從肅王落敗,太子被立,甚至登基,端木家始終謝絕客人來訪,這讓不少想要攀附關系的人都興嘆不已,可惜投求無門。

老夫人有些不滿,端木家好不容易才能翻身,如日中天,她要將這些年所受的冷遇和委屈都找回來。她道:“老大和老大媳婦呢?讓他們來見我。”

珊瑚遲疑了下,道:“爺和夫人應該都在臨風院,明大爺好像,好像病得厲害……”

老夫人皺眉。

尤氏道:“好像魯太醫也來了,唉,也難怪明哥兒急病了,岑氏這麽沒了……”她邊說邊覷著對方的臉色。

對方哼了聲,道:“也是她福薄,偏偏她出了事……”

正說著,外面小丫鬟稟告道:“老夫人,二夫人,魯太醫求見。”

魯太醫與端木家淵源頗深,老夫人對他向來敬重,不過自從端木貴妃薨後,對方便出宮不知所蹤,後來跟著端木將軍去了並州,這些年幾乎沒什麽來往。

既然故人來訪,老夫人忙命人請對方進來。

魯太醫佝僂著身子,一只手耷拉著蹣跚而入,見了對方躬身行禮,聲音喑啞,道:“給老夫人請安,老夫人安好。”

對方乍然見他,便想起了薨斃的女兒,再看他滄桑年老的模樣,心裏難過,道:“魯太醫請起,多年不見,你可還好?”

魯太醫恭敬地道:“尚好,尚好,如今端木家否極泰來,可喜可賀啊。”

老夫人面有得色,道:“這也是天佑端木家,才有如今這番榮華富貴啊。

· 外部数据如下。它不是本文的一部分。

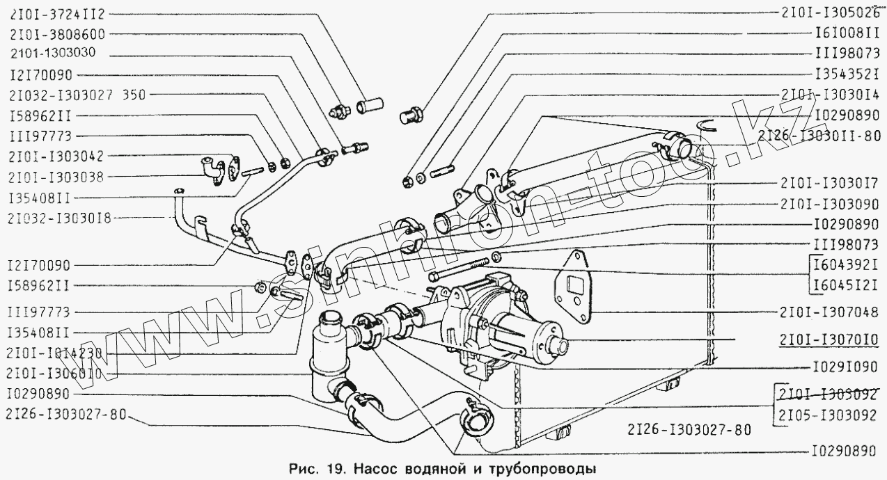 Каталог запасных частей к технике: ИЖ 2126. Насос водяной и трубопроводы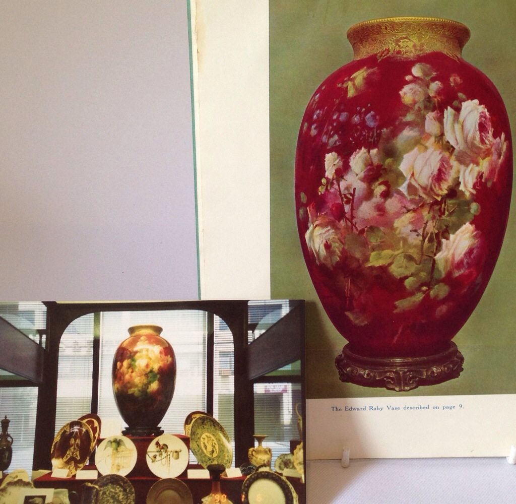 The Edward Raby vase in situe and as pictured in a catalogue. Once described as ‘a gem of gems’ the vase stands an impressive 24″ and dates to 1913.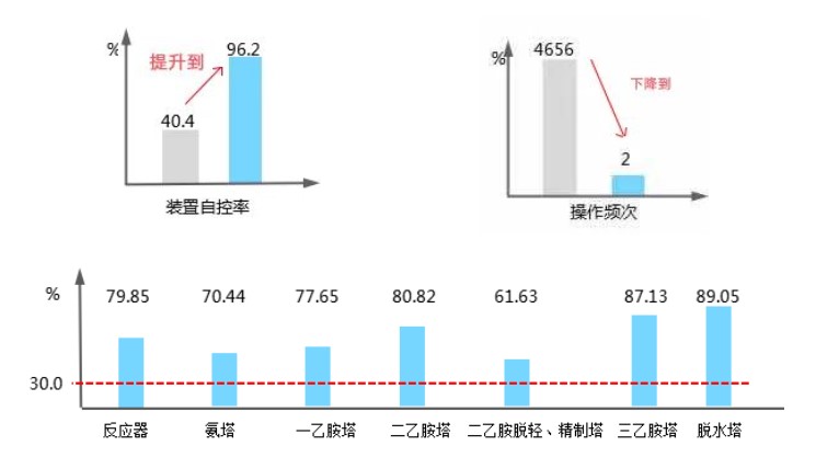基于以上分析,中控技術結合乙胺裝置工藝特點和過程控制需求,采用多變量模型預測控制,結合專家控制等智能控制策略,實現(xiàn)乙胺裝置多目標優(yōu)化和協(xié)同控制,提高裝置生產(chǎn)運行的平穩(wěn)性,降低操作人員勞動強度,為生產(chǎn)過程提供安全保障并通過“卡邊”優(yōu)化,降低能耗。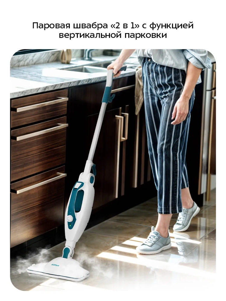 Паровая швабра Kitfort КТ-1080 — универсальное устройство, которое поможет избавиться от пыли и грязи с помощью мощной струи пара, а также продезинфицирует обрабатываемую поверхность. Паровая швабра очистит раковину и плиту на кухне, зеркала и мебель без каких-либо химических средств, исключительно паром.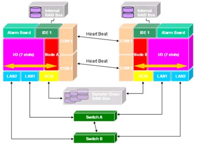 在網(wǎng)絡(luò)方面,上圖的兩臺(tái)CompactPCI系統(tǒng)各有兩個(gè)LAN,分別可透過Switch經(jīng)由防火墻連接到外部網(wǎng)絡(luò)。兩個(gè)Switch之間有網(wǎng)絡(luò)連通,且每個(gè)系統(tǒng)至少有兩個(gè)LAN可維持系統(tǒng)的網(wǎng)絡(luò)通暢。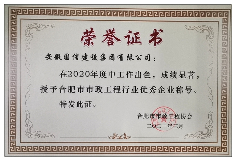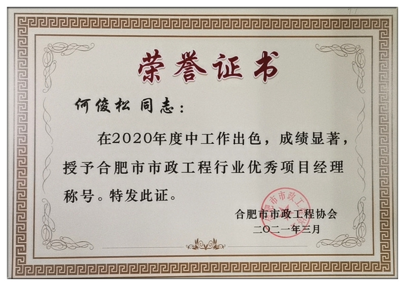 3月15日,合肥市市政工程协会印发表彰决定,国信集团被授予2020年度“合肥市市政工程行业优秀企业”称号,此前已连续多年获此荣誉,何俊松荣获年度“市政工程行业优秀项目经理”称号。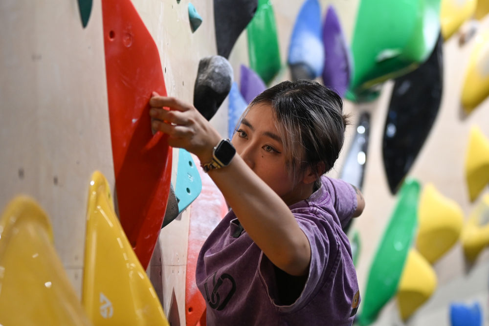 ↑在成都一家攀岩馆内,教练在指导孩子们攀岩技巧(2024年7月15日摄)。

若是提起這個,倒是真正感謝太醫當年對平姐兒的看顧,至於後來,唉,也是姐兒福薄了些。無論如何,老身都是感謝不盡,請上座。”

魯太醫淡淡地笑,泰然在旁邊坐下,用獨手端起茶喝了口。

老夫人態度溫和,道:“這些年太醫可去了什麽地方?”

魯太醫道:“老朽一人無牽無掛,倒是逍遙自在,這些年走了不少地方,比如江南,域外,北疆……”他感嘆著,簡單說了自己這些年的行蹤,引起對方一番唏噓。

對方道:“如今太醫到了頤養天年的年歲,不如就在京城安頓下來。”

魯太醫點頭道:“老朽正有此意,”說著話,擡頭仔細看了對方一眼,道:“老夫人這段時間可有手腳麻痹之感?胸悶,氣血滯?”

對方連連點頭,道:“正是,正是,不知道太醫可有什麽好方子?”

魯太醫道:“宮裏原先有一幅孤方,老朽還記得,不如老朽寫下來,您照著抓藥喝幾幅看看可有效果。”

老夫人歡喜,道:“多謝太醫了。”忙著命人準備紙硯。

魯太醫皺眉略一思索,便寫了個方子,又叮囑了幾句需要註意的。

眼看時間不早,他告辭出府,老夫人不便出門,便讓身邊的人殷勤相送。

在跨出府門的那一時間,魯太醫臉色微冷,躊躇著,隨即目中閃過絲狠戾。

*****

正坤宮,極大的內殿裏垂了如煙霞般輕薄的帳幕,在柔和的珠光裏如緩緩流動的水面,空氣裏是如霭如蘭的香味兒。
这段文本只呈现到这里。